Yes, we do have a new president. He started on the first of June. His name is Raphael Bostic. He came from academia. He was head of the Real Estate Center at the University of Southern California in Los Angeles. He has a Ph.D. in economics from Stanford and an undergraduate degree from Harvard. He also has an undergraduate degree in both economics and psychology. And for him, his focus is not just on the raw economic data, but he has an appreciation for how economics affects regular people on the street and mainstream America. So he has a very sincere interest in not just how the economy is performing but how people view the economy and what their levels of confidence are, [and] how there are pockets of the economy that don’t seem to be benefiting from the economic strength. So he has a very different focus, and maybe even a unique focus from what other Federal Reserve Bank presidents may have. … He also worked in the Obama administration as an Under Secretary of Housing and Urban Development, so he has a very deep housing and real estate background.

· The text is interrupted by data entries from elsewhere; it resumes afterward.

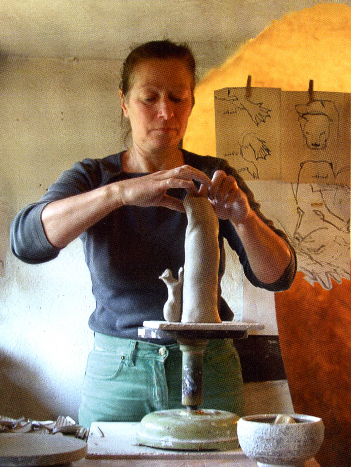 Der überwiegende Teil unserer Keramik entsteht auf der Töpferscheibe. Klassische Formen, bei denen die Funktionalität überwiegt, wechseln mit Stücken, bei denen ein freieres Design im Vordergrund steht.
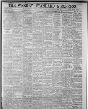 The Weekly Standard & Express, established in 1886 by local entrepreneurs in Cartersville, Georgia, has been a cornerstone of community journalism for over a century. Initially focused on local news, it has grown to encompass investigative reports, lifestyle features, and regional affairs, earning respect for its commitment to factual reporting and balanced perspectives. This dedication has made it a trusted source for residents, reflecting the values and interests of its readership. On OldNews.com, you would find scans of The Weekly Standard & Express, Cartersville, Georgia, United States starting 1871, including 11 scans in total. You might discover mentions of historical figures or notable events, and perhaps even connections to your own family history. Dive into the archives and explore this influential publication's rich legacy while learning about the past that shaped your community.
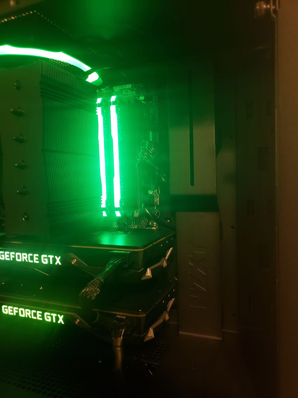 The RGB and general aesthetic of the build are to compliment the appearance of the graphics cards, and the vanity plate on the case will soon be painted aswell. This was my first go at a totally air cooled case, and I'm thinking about switching it to a 3 radiator tripple AIO design.
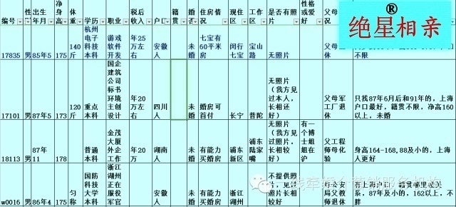 以下信息截图说明:1.点击图片后放大图片可查看信息详情。2.均为无照片人员,可联系相亲者获取照片。3.已登记信息且符合要求者可给公众号发送对方编号获取联方式或由我方帮牵线。
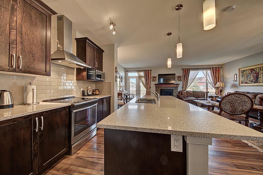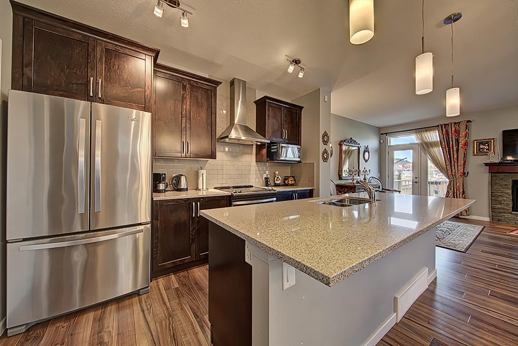 Welcome to this stunning 3 Level split home boasting over 2100 SqFt of living space in the friendly community of Cranston! As you step inside, you will be greeted by a spacious and open main floor, with upgraded laminate flooring, dark cabinets, a large island and a stone surround natural gas fireplace making it the perfect home for relaxing with family and friends or for those who love to entertain. This 3 bedrooms, 2 & 1 half bathrooms home you'll find a large bonus room, which could be used as a media space or as a playroom great for growing families. The master bedroom features a 4-piece ensuite, with soaker tub, two sinks, stand alone shower and a walk-in closet. The two additional bedrooms are perfect for kids or guests and a shared second full bathroom. This home has been recently painted, giving it a fresh look and the large windows throughout the home allow for plenty of natural light, creating a warm and inviting atmosphere. Located on the south side of Cranston, this home is just minutes away from shopping, restaurants, and the hospital with quick access to Deerfoot Trail. In addition, this beautiful home is situated near the ridge, where you can enjoy scenic views, walks and outdoor activities. It's also nestled in a family-friendly cul-de-sac, providing a place for growing families to play outside. With so many great features and a prime location, this home is the perfect place for families or anyone looking for a comfortable and convenient lifestyle. Don't miss your chance to make this stunning home yours. Contact us today to schedule a viewing! (id:22211)

We’ve already discussed the recent decision of the Board of Directors as well as the Atlanta Fed’s new leadership under Dr. Raphael Bostic, but what should we look out for in the news regarding the Atlanta Fed and the entire Federal Reserve System?
So that’s a great question, and there is some uncertainty involved with the Federal Reserve that’s coming up. One of the things that we do have, as you noted earlier, is that we have a new President [in Washington] and a new presidential administration. And they are making some proposals about the Federal Reserve itself and about bank regulation in general. They have proposed some changes to a major law that was passed in 2010 during the economic downturn called the Dodd-Frank Act. And they’ve proposed some changes and amendments to the Dodd-Frank Act that might have some impact on the responsibility and role that the Federal Reserve plays in the financial system. There also is some discussion on Capitol Hill about changing the way the Federal Reserve is financed. The Federal Reserve doesn’t draw any money from the U.S. Treasury; we are totally self-funded. We earn income from our payment processing activity and we earn returns on our portfolios, so the Federal Reserve actually generates money for the nation’s economy and returns somewhere in the neighborhood of 70, 75, 80 billion dollars a year to the U.S. Treasury. But there is some thought that the Federal Reserve funding might change, so that is being discussed, and to that extent, it’s one of the things that has been raised that Congress so far hasn’t had time to turn their attention to. There are a couple of proposals that are out there that we’re watching and monitoring, so there could be, down the line, some changes to the fundamental structure of the Federal Reserve. We certainly are watching and keeping major tabs on that. And also just keeping tabs on the banking industry itself. We are in a period of sustained economic recovery since the downturn, and haven’t identified any potential threats, or unsafe and unsound practices that might endanger the economy or the financial security of the banks that we regulate, our member banks, so there are a number of initiatives that we’re looking at to make sure that we are maintaining the right focus and active examination and monitoring posture to try to keep tabs on the banks that are under our supervision.